When receiving responses:
  • Accumulate normal assistant text from content (or delta.content if streaming)
  • Accumulate Interleaved Thinking text from reasoning_content (or delta.reasoning_content if streaming)
  • Collect tool requests from tool_calls (or delta.tool_calls if streaming)
When sending the assistant message back to the model, include all of them:
  • content
  • reasoning_content (verbatim, complete, in the exact original order)
  • tool_calls (as received)
Note: This rule applies to both streaming and non-streaming. Streaming only affects how you read fields (delta.*), not what you must preserve.

4. Example: Interleaved Thinking + Tool Calling (DeepSeek V3.2)

This example demonstrates DeepSeek V3.2 on SiliconFlow.
The same pattern also applies to GLM-4.7.
from openai import OpenAI
import json

client = OpenAI(
    api_key="YOUR_API_KEY",
    base_url="https://api.siliconflow.com/v1/"
)

tools = [{
    "type": "function",
    "function": {
        "name": "get_weather",
        "description": "Get weather information",
        "parameters": {
            "type": "object",
            "properties": {
                "city": {"type": "string"}
            },
            "required": ["city"]
        }
    }
}]

messages = [
    {"role": "system", "content": "You are an assistant"},
    {"role": "user", "content": "What's the weather like in America?"}
]

# Round 1: model reasons, then calls a tool
response = client.chat.completions.create(
    model="deepseek-ai/DeepSeek-V3.2",
    messages=messages,
    tools=tools,
    stream=True  # optional; the same preservation rule applies to non-streaming
)

reasoning_content = ""
content = ""
tool_calls = []

for chunk in response:
    delta = chunk.choices[0].delta

    if getattr(delta, "reasoning_content", None):
        reasoning_content += delta.reasoning_content

    if getattr(delta, "content", None):
        content += delta.content

    if getattr(delta, "tool_calls", None):
        tool_calls.extend(delta.tool_calls)
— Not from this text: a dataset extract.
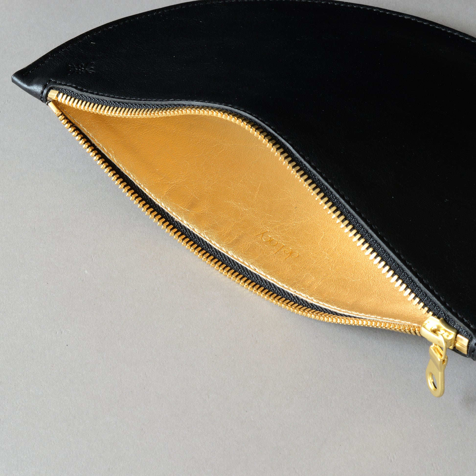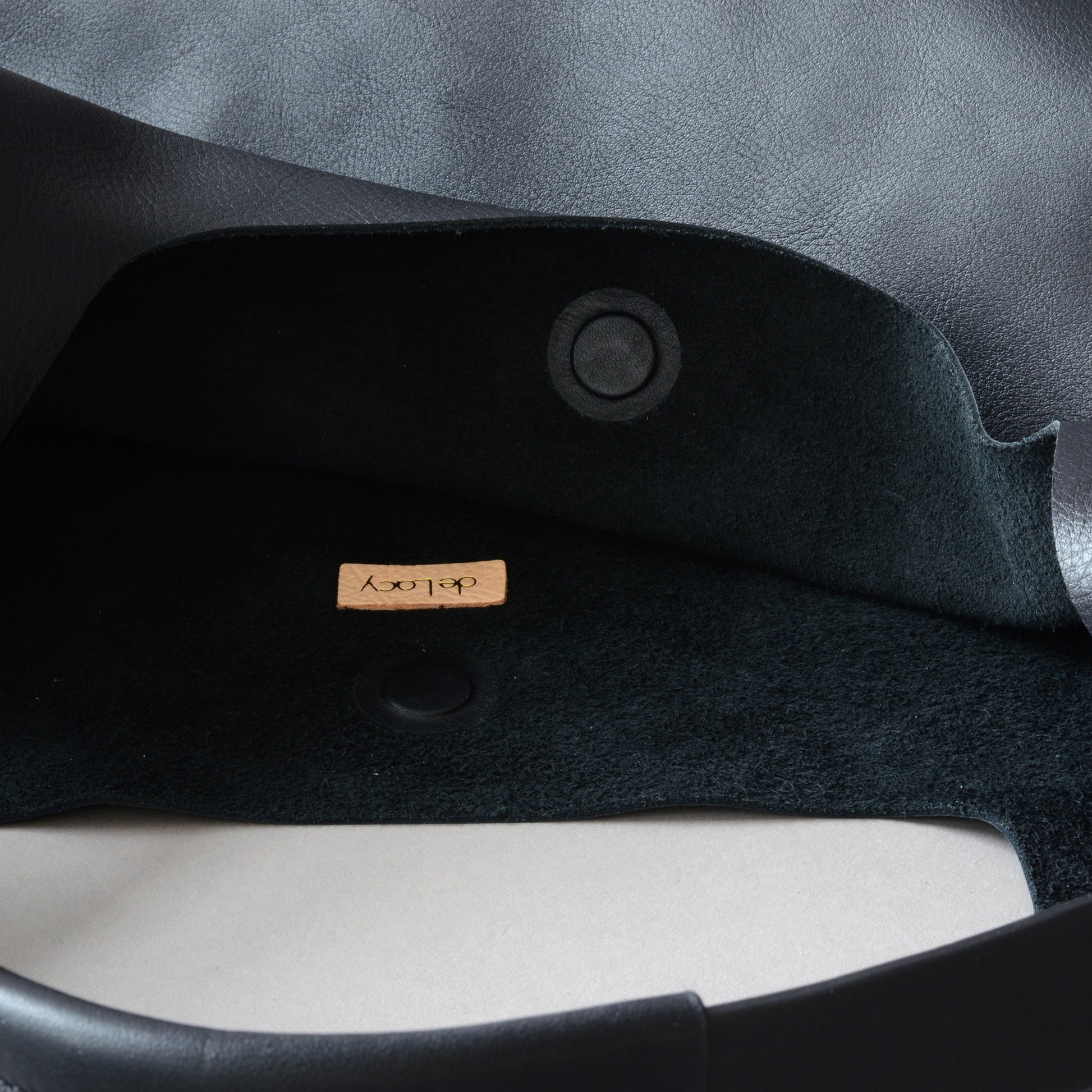 • de Lacy logo de-bossed on top right corner & gold foiled on leather tab inside.

# 🔑 Preserve reasoning_content verbatim (Round 1)
messages.append({
    "role": "assistant",
    "content": content,
    "reasoning_content": reasoning_content,
    "tool_calls": tool_calls
})

# Tool execution result (example)
messages.append({
    "role": "tool",
    "tool_call_id": tool_calls[0]["id"],
    "content": json.dumps({"weather": "Sunny", "temp": "25°C"})
})

# Round 2: model may produce NEW reasoning_content AFTER tool results
response = client.chat.completions.create(
    model="deepseek-ai/DeepSeek-V3.2",
    messages=messages,
    tools=tools,
    stream=True  # optional
)

reasoning_content_2 = ""
content_2 = ""
tool_calls_2 = []

for chunk in response:
    delta = chunk.choices[0].delta

    if getattr(delta, "reasoning_content", None):
        reasoning_content_2 += delta.reasoning_content

    if getattr(delta, "content", None):
        content_2 += delta.content

    if getattr(delta, "tool_calls", None):
        tool_calls_2.extend(delta.tool_calls)
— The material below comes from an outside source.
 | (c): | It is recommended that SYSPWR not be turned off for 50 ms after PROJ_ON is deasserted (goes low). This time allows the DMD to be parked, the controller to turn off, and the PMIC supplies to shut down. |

# 🔑 Preserve reasoning_content verbatim (Round 2, i.e., after tool results)
messages.append({
    "role": "assistant",
    "content": content_2,
    "reasoning_content": reasoning_content_2,
    "tool_calls": tool_calls_2
})

5. Using GLM-4.7 Instead

To switch the example to GLM-4.7, change:
model="deepseek-ai/DeepSeek-V3.2"
to:
model="zai-org/GLM-4.7"
All Interleaved Thinking preservation rules remain the same, including preserving reasoning_content after tool results.

Summary

For DeepSeek V3.2 and GLM-4.7 on SiliconFlow:
  1. Interleaved Thinking enables multi-step, tool-aware execution
  2. With tool calling, you must preserve and replay reasoning_content verbatim—including any reasoning produced after tool results
  3. Never modify, drop, merge/split, or reorder reasoning_content
Following these rules ensures stable tool use and consistent multi-step behavior.